*Instructions to follow:*
Look below for the line holding "PB Swiss Tools" and the line holding "Riz Cantonais aux". Transcribe exactly those lines and all lines between them, nothing more.

*Information shown:*
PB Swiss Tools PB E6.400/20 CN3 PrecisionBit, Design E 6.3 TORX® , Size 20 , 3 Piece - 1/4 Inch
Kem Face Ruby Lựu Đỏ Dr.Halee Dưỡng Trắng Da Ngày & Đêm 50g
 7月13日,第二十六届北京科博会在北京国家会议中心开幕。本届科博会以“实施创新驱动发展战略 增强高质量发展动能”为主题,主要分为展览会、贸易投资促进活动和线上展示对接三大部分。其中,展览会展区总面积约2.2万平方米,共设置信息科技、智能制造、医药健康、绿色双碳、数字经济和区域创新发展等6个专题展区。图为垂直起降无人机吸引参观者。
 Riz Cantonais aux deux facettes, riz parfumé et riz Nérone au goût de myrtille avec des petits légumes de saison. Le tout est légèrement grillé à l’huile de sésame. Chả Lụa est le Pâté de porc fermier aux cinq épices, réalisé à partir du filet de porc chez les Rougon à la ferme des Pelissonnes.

==

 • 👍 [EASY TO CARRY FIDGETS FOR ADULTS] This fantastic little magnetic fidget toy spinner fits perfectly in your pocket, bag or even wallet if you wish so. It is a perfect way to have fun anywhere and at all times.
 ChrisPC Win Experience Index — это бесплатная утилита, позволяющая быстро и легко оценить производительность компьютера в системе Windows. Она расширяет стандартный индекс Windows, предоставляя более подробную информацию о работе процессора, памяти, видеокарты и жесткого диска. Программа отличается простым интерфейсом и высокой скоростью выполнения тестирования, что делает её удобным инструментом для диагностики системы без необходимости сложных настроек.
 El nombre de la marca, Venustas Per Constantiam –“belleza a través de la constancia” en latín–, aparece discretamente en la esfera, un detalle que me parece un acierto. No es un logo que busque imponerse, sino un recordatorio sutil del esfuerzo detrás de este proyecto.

*Reply:*
PB Swiss Tools PB E6.400/20 CN3 PrecisionBit, Design E 6.3 TORX® , Size 20 , 3 Piece - 1/4 Inch
Kem Face Ruby Lựu Đỏ Dr.Halee Dưỡng Trắng Da Ngày & Đêm 50g
 7月13日,第二十六届北京科博会在北京国家会议中心开幕。本届科博会以“实施创新驱动发展战略 增强高质量发展动能”为主题,主要分为展览会、贸易投资促进活动和线上展示对接三大部分。其中,展览会展区总面积约2.2万平方米,共设置信息科技、智能制造、医药健康、绿色双碳、数字经济和区域创新发展等6个专题展区。图为垂直起降无人机吸引参观者。
 Riz Cantonais aux deux facettes, riz parfumé et riz Nérone au goût de myrtille avec des petits légumes de saison. Le tout est légèrement grillé à l’huile de sésame. Chả Lụa est le Pâté de porc fermier aux cinq épices, réalisé à partir du filet de porc chez les Rougon à la ferme des Pelissonnes.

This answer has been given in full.